Here are some appraoches:
1) partial=TRUE
n <- length(x)
c(NA, rollapplyr(x, 12, mean, partial = TRUE)[-n])
Note the r at the end of rollapplyr
.
2) width as list The width
argument of rollapply
can be a list such that the ith list element is a vector of the offsets to use for the ith rolling computation. If we specify partial=TRUE then offsets that run off the end of the vector will be ignored. If we only specify one element in the list it will be recycled:
rollapply(x, list(-seq(12)), mean, partial = TRUE, fill = NA)
2a) Rather than recycling and depending on partial
we can write it out. Here we want width <- list(numeric(0), -1, -(1:2), -(1:3), ..., -(1:12), ..., -(1:12))

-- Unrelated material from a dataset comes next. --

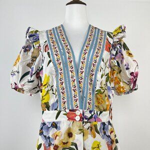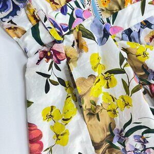NWOT FARM Rio Floral Ruffles Greek Garden Off-White Mini Dress Size XL

which can be calculated like this:
width <- lapply(seq_along(x), function(x) -seq_len(min(12, x-1)))
rollapply(x, width, mean)
This one would mainly be of interest if you want to modify the specification slightly because it is very flexible.
Note: Later in the comments the poster asked for the same rolling average except for it not to be lagged. That would be just:
rollapplyr(x, 12, mean, partial = TRUE)
Note the r at the end of rollapplyr
.
Update Some improvements and additional solutions.